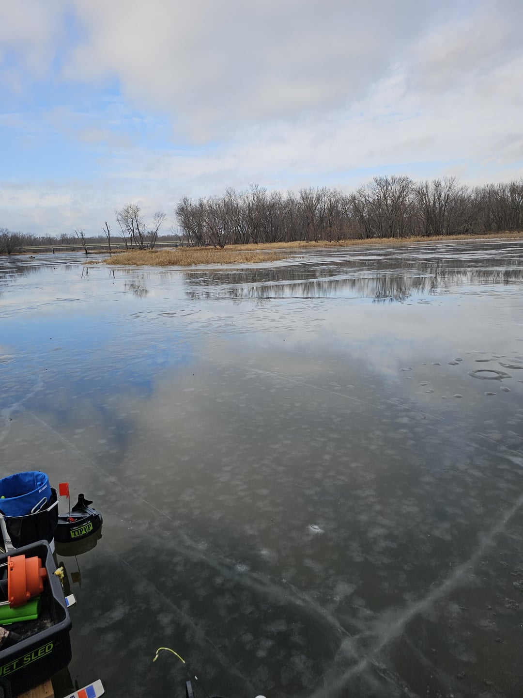 Cousins and I found some good gills and perch between Wabasha & Alma. Was a little wet, but the ice was decent.
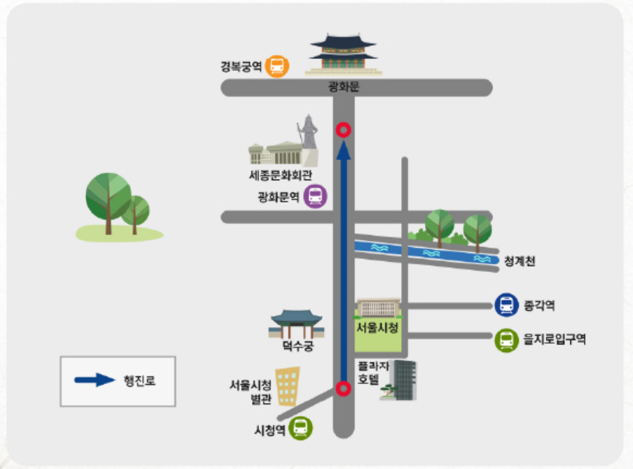 (2) 시가행진 : 16:00 ~ 17:00 / 서울 광화문 일대 (숭례문 ~ 광화문)
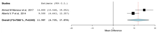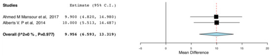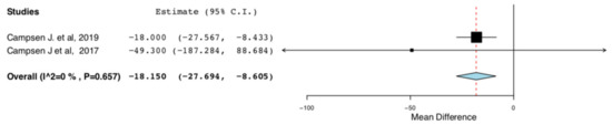 Cumulative morphine consumption for the first 48 h post op or throughout the entire hospitalization was assessed by two RCTs. ERAS donors consumed less morphine in comparison to donors receiving traditional perioperative care (95CI: −27.694, −8.605) (p < 0.01) (I2 = 0%, Het p = 0.657) (Figure 7).
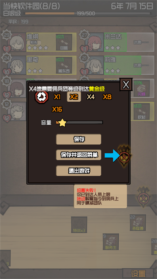 4、随着等级提升,可在设置中调整游戏时间流速;此外,手动点击任务栏区域可主动推进时间,每次点击代表流逝一天,便于灵活掌控节奏。
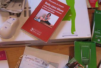 Wii-fit (donc), cahier d'exercices Lymphologics (vu que je dois tester leur manchon pour les bras... j'aurais préféré le legging anti-culotte de cheval, mais bon), crèmes en tout genre (labos Pierre Fabre toujours), appareil de massage anti-cellulite... j'ai aussi du cacheton, mais ça me tente moyen...
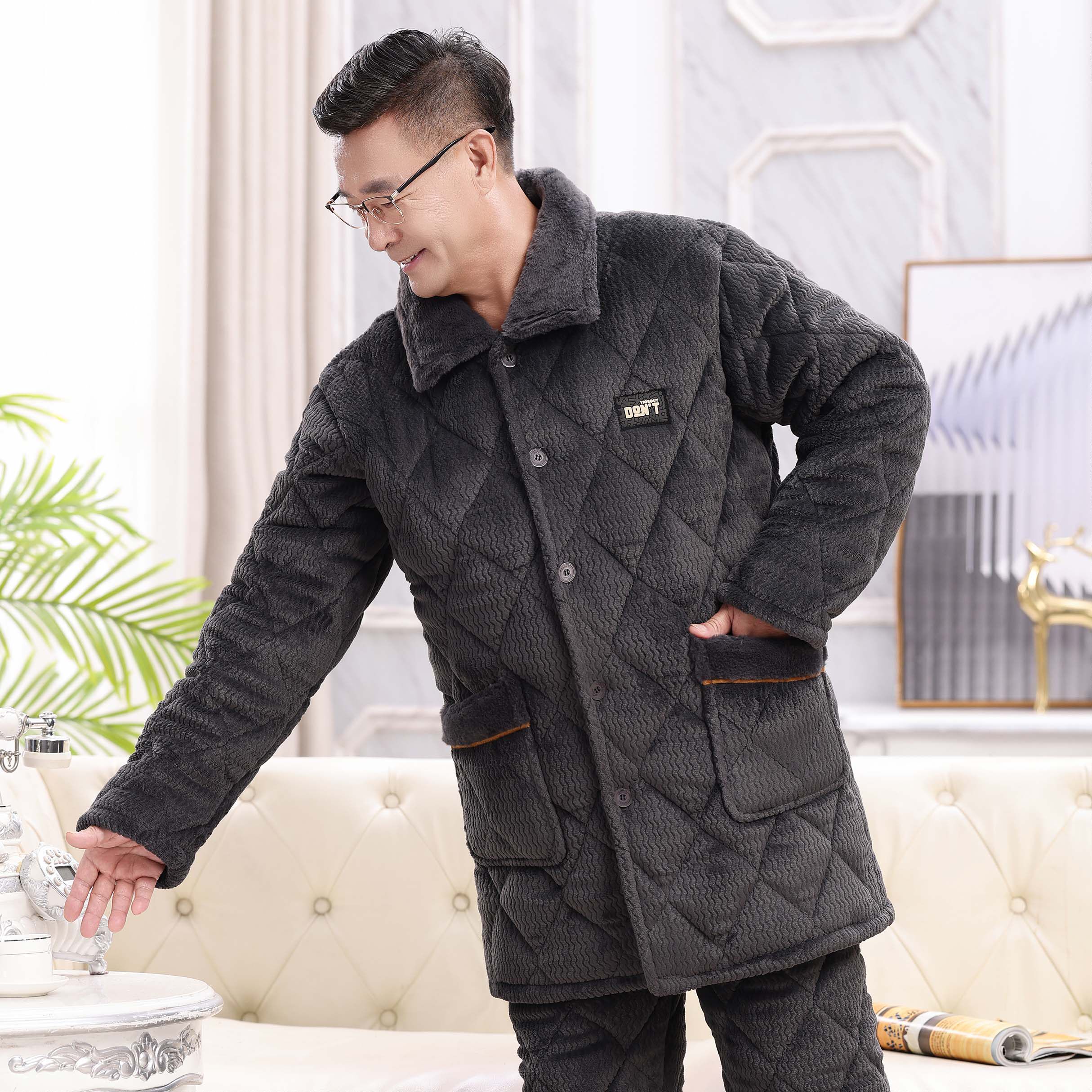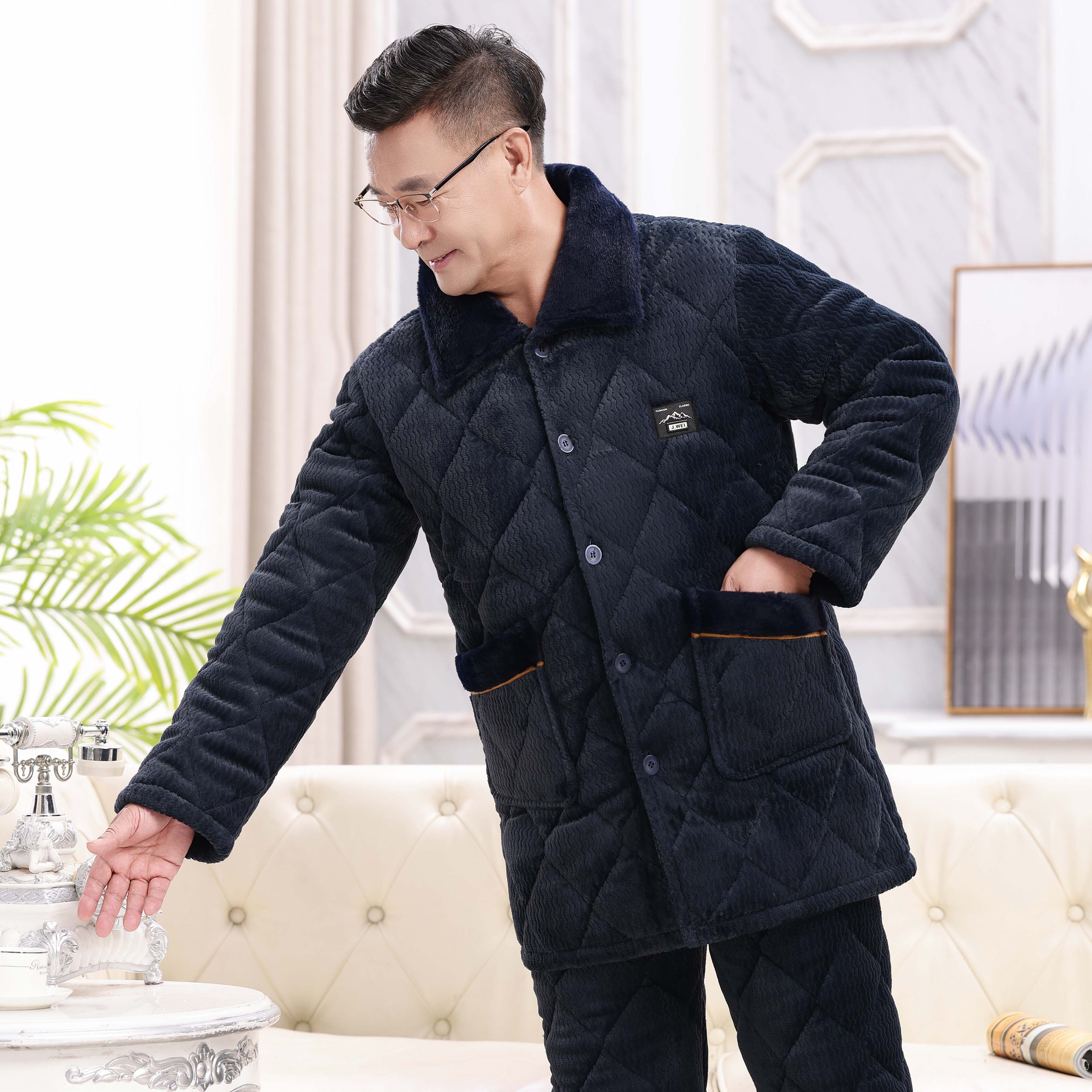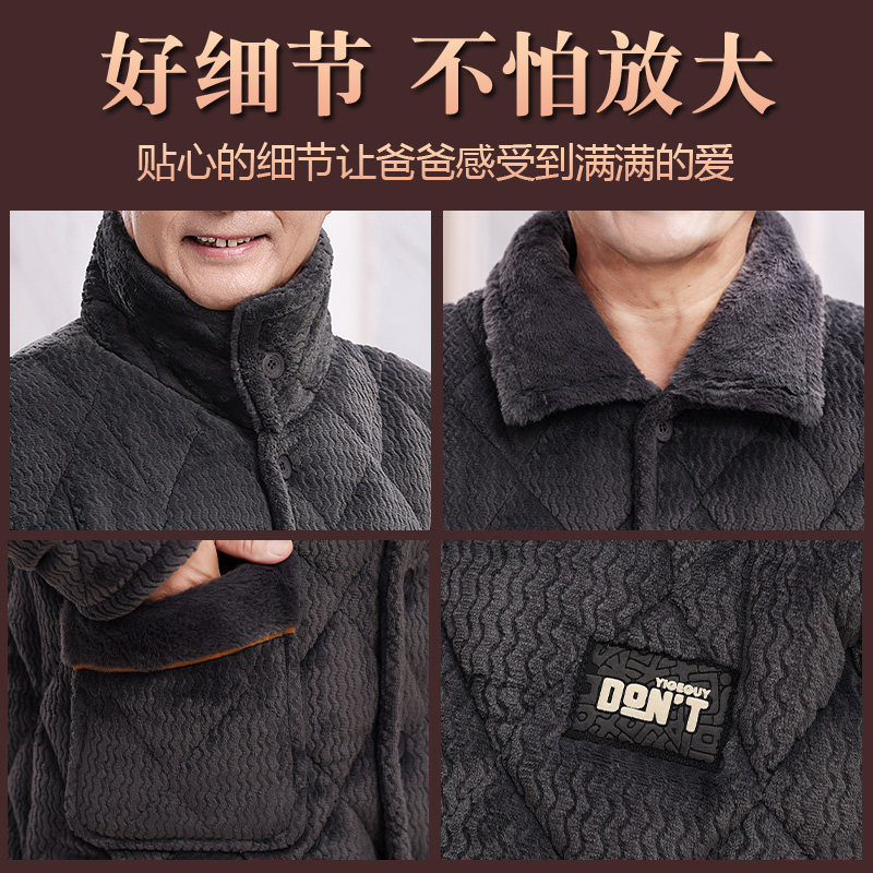 冬季加厚爸爸保暖家居服加大码老人睡衣男夹棉珊瑚绒中老年
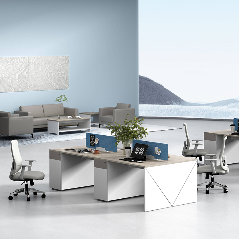 1、基材:符合E0級標準的MFC板材 2、支撐腳V造型鑼工藝線,涂黑色 3、線盒:多功能線盒(夾屏風、出線孔一體) 4、支撐柜:抽屜/主機收納/機械鎖 5、配有過線系統/6個86插座 6、桌屏布顏色:藍色
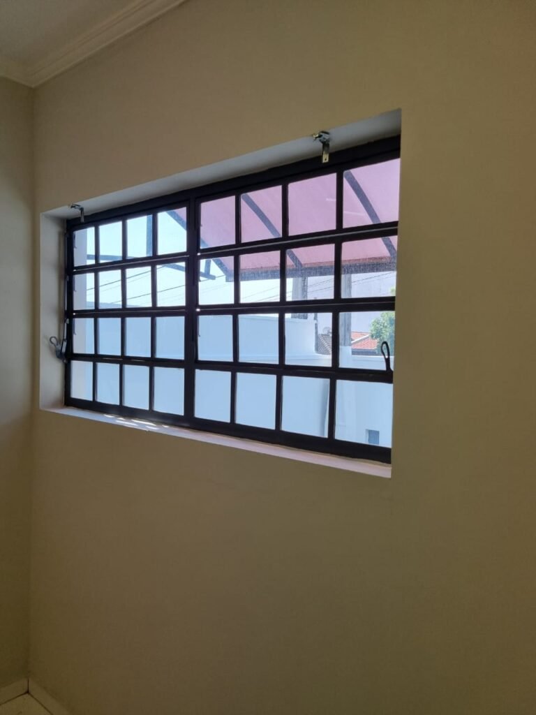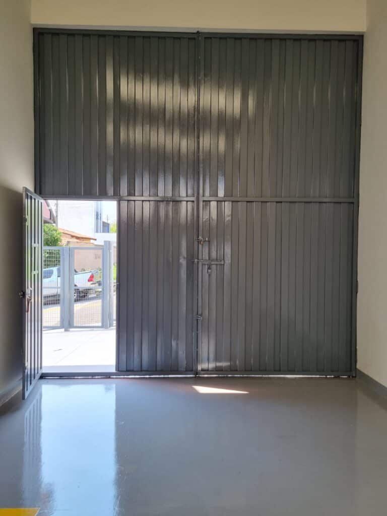 GARAGEM:- Piso de concreto com pintura na cor cinza pintura nova em ordem, 01 torneira de jardim e 01 registro em ordem, paredes laterais e fachada do barracão com reboco e pintura nova na cor branco em ordem, porta social de chapa dobrada com pintura nova na cor cinza em ordem, fechadura e chaves em ordem, portão para caminhão com 02 folhas de chapa dobrada com pintura nova na cor cinza em ordem, 01 folha de metalon com pintura nova na cor cinza em ordem, 02 toldos de metalon e acrílico fumê em ordem, 01 vitrô de ferro na cor cinza com 32 vidros em ordem, 01 janela de alumínio com vidros fumê em ordem, 01 vitrô de ferro cinza com 09 vidros em ordem.
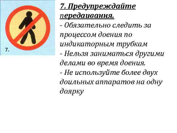 7. Предупреждайте передаивання. - Обязательно следить за процессом доения по индикаторным трубкам - Нельзя заниматься другими делами во время доения. - Не используйте более двух доильных аппаратов на одну доярку
------------------------------------
EXERCISE REQUIREMENTS:
Quote all the lines above exactly as given. Do not include the pictures.

WRITTEN REPLY:
 Cousins and I found some good gills and perch between Wabasha & Alma. Was a little wet, but the ice was decent.
 (2) 시가행진 : 16:00 ~ 17:00 / 서울 광화문 일대 (숭례문 ~ 광화문)
 Cumulative morphine consumption for the first 48 h post op or throughout the entire hospitalization was assessed by two RCTs. ERAS donors consumed less morphine in comparison to donors receiving traditional perioperative care (95CI: −27.694, −8.605) (p < 0.01) (I2 = 0%, Het p = 0.657) (Figure 7).
 4、随着等级提升,可在设置中调整游戏时间流速;此外,手动点击任务栏区域可主动推进时间,每次点击代表流逝一天,便于灵活掌控节奏。
 Wii-fit (donc), cahier d'exercices Lymphologics (vu que je dois tester leur manchon pour les bras... j'aurais préféré le legging anti-culotte de cheval, mais bon), crèmes en tout genre (labos Pierre Fabre toujours), appareil de massage anti-cellulite... j'ai aussi du cacheton, mais ça me tente moyen...
 冬季加厚爸爸保暖家居服加大码老人睡衣男夹棉珊瑚绒中老年
 1、基材:符合E0級標準的MFC板材 2、支撐腳V造型鑼工藝線,涂黑色 3、線盒:多功能線盒(夾屏風、出線孔一體) 4、支撐柜:抽屜/主機收納/機械鎖 5、配有過線系統/6個86插座 6、桌屏布顏色:藍色
 GARAGEM:- Piso de concreto com pintura na cor cinza pintura nova em ordem, 01 torneira de jardim e 01 registro em ordem, paredes laterais e fachada do barracão com reboco e pintura nova na cor branco em ordem, porta social de chapa dobrada com pintura nova na cor cinza em ordem, fechadura e chaves em ordem, portão para caminhão com 02 folhas de chapa dobrada com pintura nova na cor cinza em ordem, 01 folha de metalon com pintura nova na cor cinza em ordem, 02 toldos de metalon e acrílico fumê em ordem, 01 vitrô de ferro na cor cinza com 32 vidros em ordem, 01 janela de alumínio com vidros fumê em ordem, 01 vitrô de ferro cinza com 09 vidros em ordem.
 7. Предупреждайте передаивання. - Обязательно следить за процессом доения по индикаторным трубкам - Нельзя заниматься другими делами во время доения. - Не используйте более двух доильных аппаратов на одну доярку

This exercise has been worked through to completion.